Today we’re sharing our view on how meditation can inform psychotherapy and help take it to the next level.

This isn’t only important if you’re a therapist of some kind or a patient but also if you’re just a growing human being and you’re unsure about how psychology and how meditation fit together.

We’ll ultimately talk about the insight that’s fundamental to any kind of personal transformation, the core human insight that is at the heart of the great spiritual traditions and we find that psychotherapy is sadly lacking.

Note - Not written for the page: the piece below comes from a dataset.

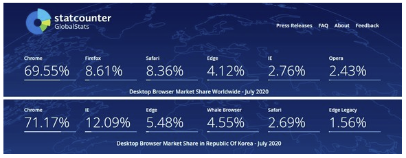 국내에서 Whale이 점유율이 많이 올라간 것을 알 수 있었습니다. safari보다 높네요.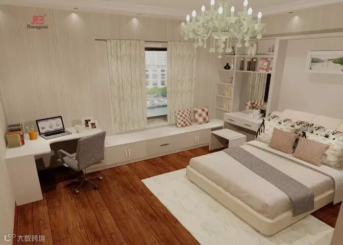 由于转角处有窗户,所以不能用衣柜封起来,既要保证采光还要保证空间利用的最大化,巧妙地造了一个梳妆台,梳妆台临窗而建,在光线充足的环境描眉打扮,除了美观之外也具有很强的实用性。也可以顺势设计书桌。

We’ll also talk about how meditation can catalyze our psychotherapy and our inner work, and cover how that fundamental insight into the human being can change how we do psychotherapy.

A Bit About the ABS Team

We think that one thing that gives the ABS team a big advantage over traditional psychologists and therapists who’ve been through the standard training is that we’ve done a lot of meditation.

We’ve seen firsthand how our psychology works, we’ve deeply felt our emotions, we’ve deeply seen our minds and how they operate, and we’ve also seen the deeper truth of our identity.

To be honest, we don’t think psychologists and therapists have this level of insight. We don’t see it. So we’ll be talking about what meditation can bring to the traditional therapeutic approach.

Meditation Brings Direct Insight

The first thing it brings is direct insight.

What we find is that in psychology is that there’s a huge focus on the models and the theories and the academic stuff.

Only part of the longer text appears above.